--- SUPPLIED MATERIAL Enclosed Below ---

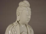 tiara with knotted hair falling over both shoulders. Her open robes reveal
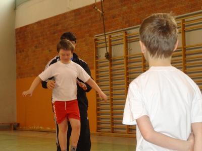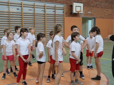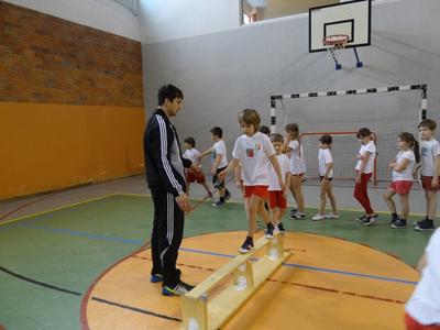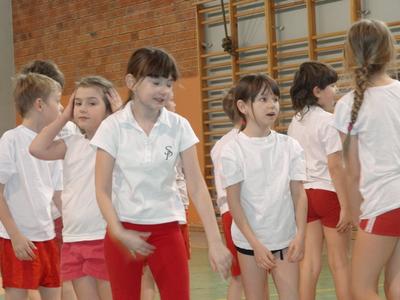 By takiego ducha w sobie mieć chłopaki i dziewczyny z klasy drugiej bardzo chętnie biorą udział w zajęciach ruchowych. Lekcje kultury fizycznej należą do ich ulubionych. Szczególnie upodobali sobie wyścigi rzędów i grę zespołową w „Dwa ognie”. Bardzo ciekawe zajęcia zorganizował dla uczniów student AWF-u Krystian Michalak. Uczniowie doskonale bawili się podczas oryginalnych zabaw ruchowych i różnorodnych konkurencji sportowych.
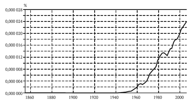 Взять, к примеру, следующий график (рис. 1), показывающий, как часто слово «бюрократия» употреблялось в книгах, написанных на английском языке за последние полтора столетия. Интерес к этому явлению был весьма ограниченным до конца Второй мировой, затем резко усилился в 1950-е годы и, достигнув пика в 1973 году, стал медленно, но верно ослабевать.
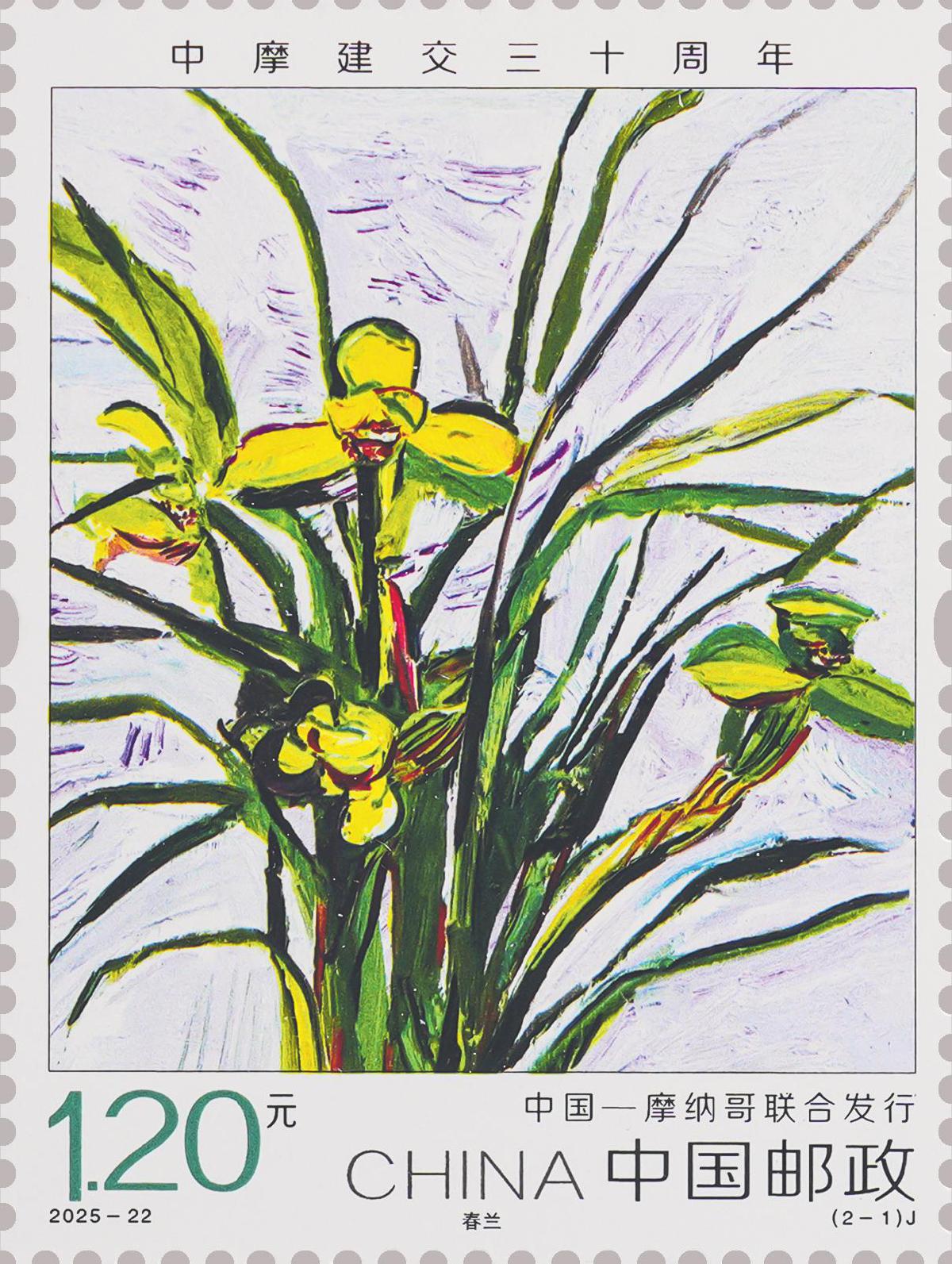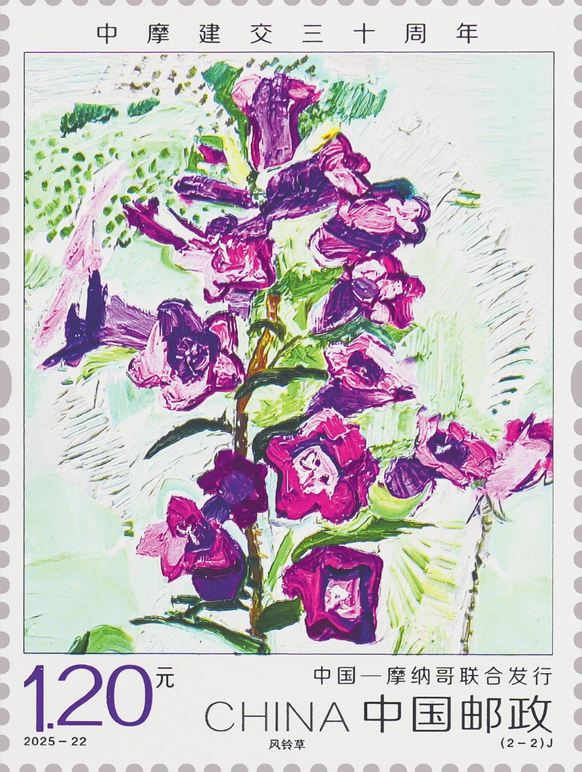 本套郵票分別選用具有兩國民族特色和深厚文化內(nèi)涵的花卉,中國選用栽培歷史悠久的春蘭,摩納哥選用美麗靈動的風(fēng)鈴草,兩種花卉彰顯出生態(tài)文明的內(nèi)在價值與精神追求。郵票圖案采用油畫表現(xiàn)方式,設(shè)計師通過大膽的構(gòu)圖、恣意的筆觸、靈活的色彩搭配,對具體的物象進(jìn)行抽象提煉,從而營造出一種生動而富有生命力的畫面效果。兩枚郵票承載著“友誼長存”的深層寓意,希望中摩關(guān)系不斷取得新進(jìn)展,更好造福兩國人民。
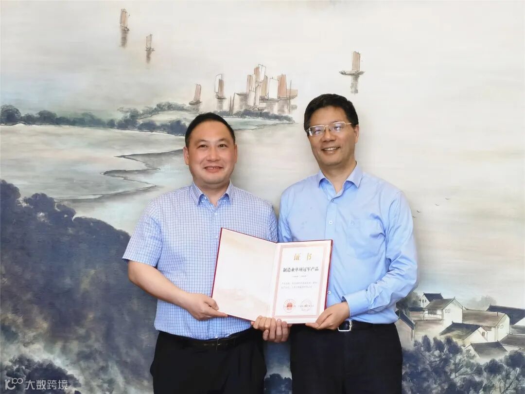 尹涛向沙钢集团有限公司颁发全国制造业单项冠军产品证书。
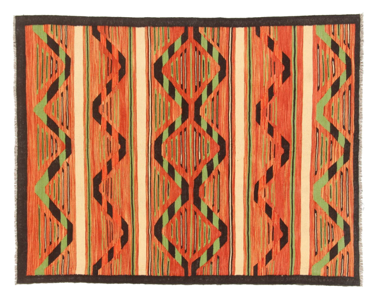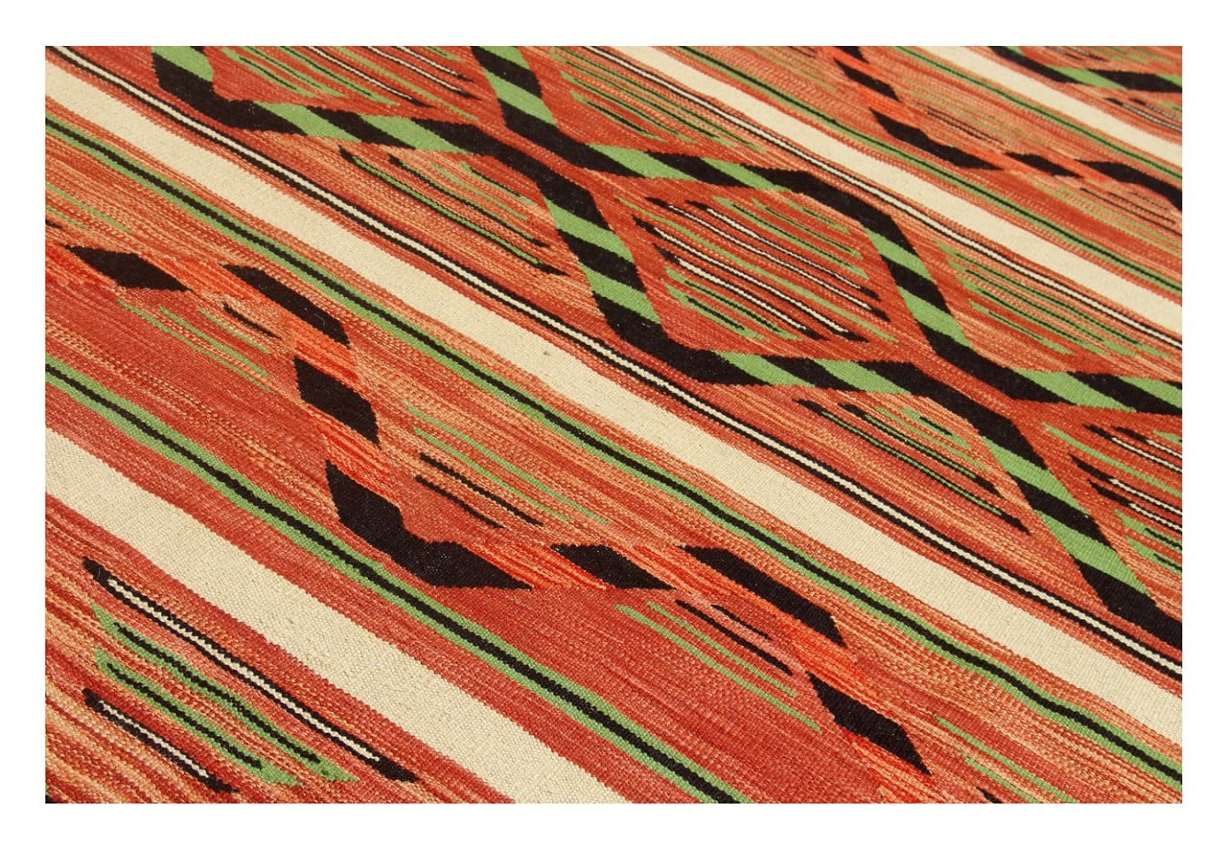 この絨毯は、平織りとして織機で手作業で作られたものです。フラットウィーブとは、パイルのないカーペットを指す言葉です。その名の通り、この絨毯は織られていて、結び目はありません。これにより、表面が構造化されたフラットカーペットが得られる。平織りは、結び目のあるカーペットよりも柔らかくなく、通常は薄くなります。同時に、彼らは製造するためにはるかに複雑ではなく、通常は両側(表と裏)からレイアウトすることができます。彼らのパターンは通常、生地によって決定される幾何学的なものです。
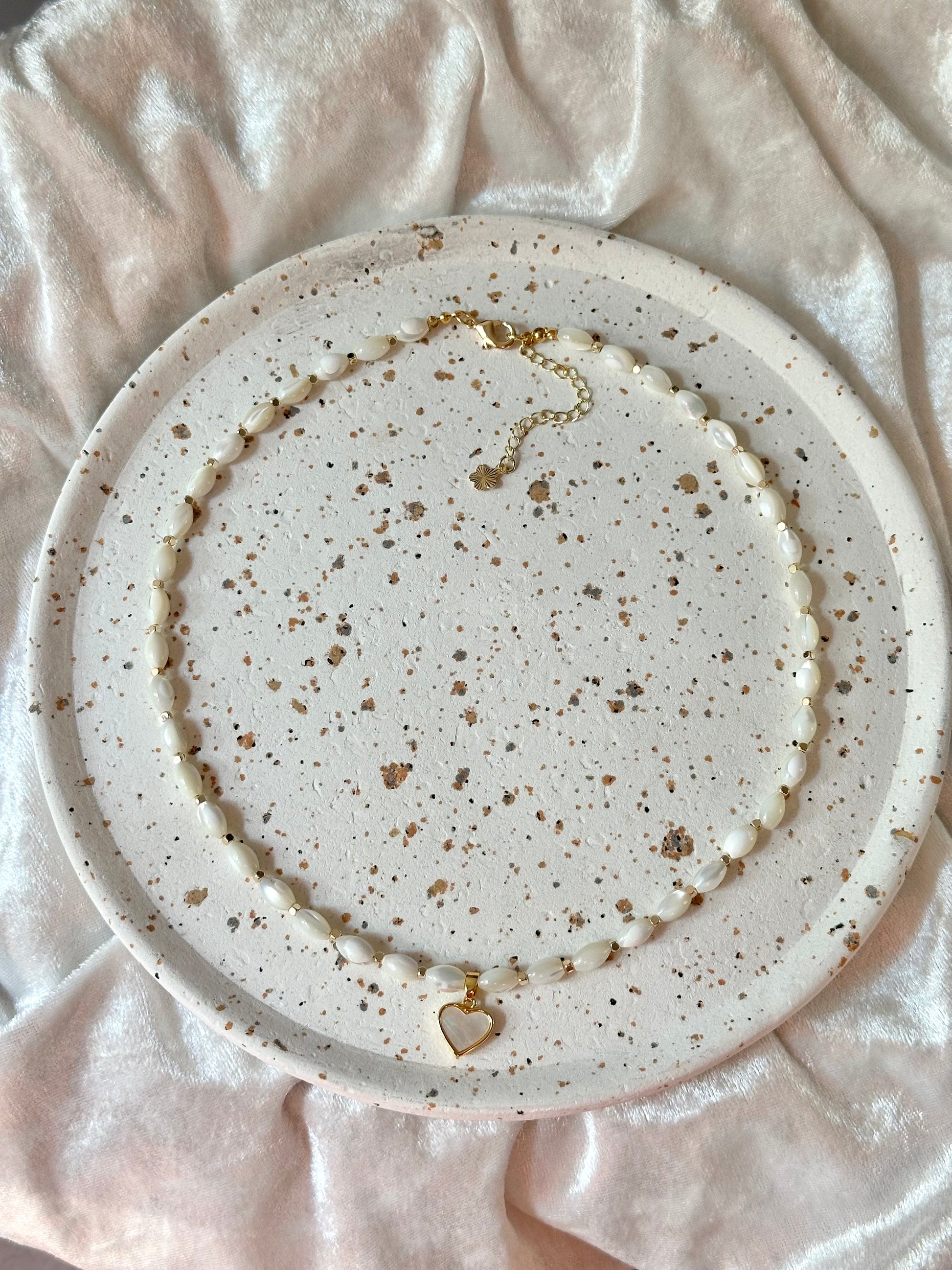 At its center, a heart-shaped mother of pearl pendant symbolizes love and purity, framed in luxurious 18K gold plating. The design is completed with delicate 14K gold-plated spacer beads for a timeless, refined look.

--- End of Enclosed SUPPLIED MATERIAL ---

> [TASK TO COMPLETE] Make an exact copy of all the material, but keep the pictures out of it.

> [RESULT FOR THIS EXERCISE]
 tiara with knotted hair falling over both shoulders. Her open robes reveal
 By takiego ducha w sobie mieć chłopaki i dziewczyny z klasy drugiej bardzo chętnie biorą udział w zajęciach ruchowych. Lekcje kultury fizycznej należą do ich ulubionych. Szczególnie upodobali sobie wyścigi rzędów i grę zespołową w „Dwa ognie”. Bardzo ciekawe zajęcia zorganizował dla uczniów student AWF-u Krystian Michalak. Uczniowie doskonale bawili się podczas oryginalnych zabaw ruchowych i różnorodnych konkurencji sportowych.
 Взять, к примеру, следующий график (рис. 1), показывающий, как часто слово «бюрократия» употреблялось в книгах, написанных на английском языке за последние полтора столетия. Интерес к этому явлению был весьма ограниченным до конца Второй мировой, затем резко усилился в 1950-е годы и, достигнув пика в 1973 году, стал медленно, но верно ослабевать.
 本套郵票分別選用具有兩國民族特色和深厚文化內(nèi)涵的花卉,中國選用栽培歷史悠久的春蘭,摩納哥選用美麗靈動的風(fēng)鈴草,兩種花卉彰顯出生態(tài)文明的內(nèi)在價值與精神追求。郵票圖案采用油畫表現(xiàn)方式,設(shè)計師通過大膽的構(gòu)圖、恣意的筆觸、靈活的色彩搭配,對具體的物象進(jìn)行抽象提煉,從而營造出一種生動而富有生命力的畫面效果。兩枚郵票承載著“友誼長存”的深層寓意,希望中摩關(guān)系不斷取得新進(jìn)展,更好造福兩國人民。
 尹涛向沙钢集团有限公司颁发全国制造业单项冠军产品证书。
 この絨毯は、平織りとして織機で手作業で作られたものです。フラットウィーブとは、パイルのないカーペットを指す言葉です。その名の通り、この絨毯は織られていて、結び目はありません。これにより、表面が構造化されたフラットカーペットが得られる。平織りは、結び目のあるカーペットよりも柔らかくなく、通常は薄くなります。同時に、彼らは製造するためにはるかに複雑ではなく、通常は両側(表と裏)からレイアウトすることができます。彼らのパターンは通常、生地によって決定される幾何学的なものです。
 At its center, a heart-shaped mother of pearl pendant symbolizes love and purity, framed in luxurious 18K gold plating. The design is completed with delicate 14K gold-plated spacer beads for a timeless, refined look.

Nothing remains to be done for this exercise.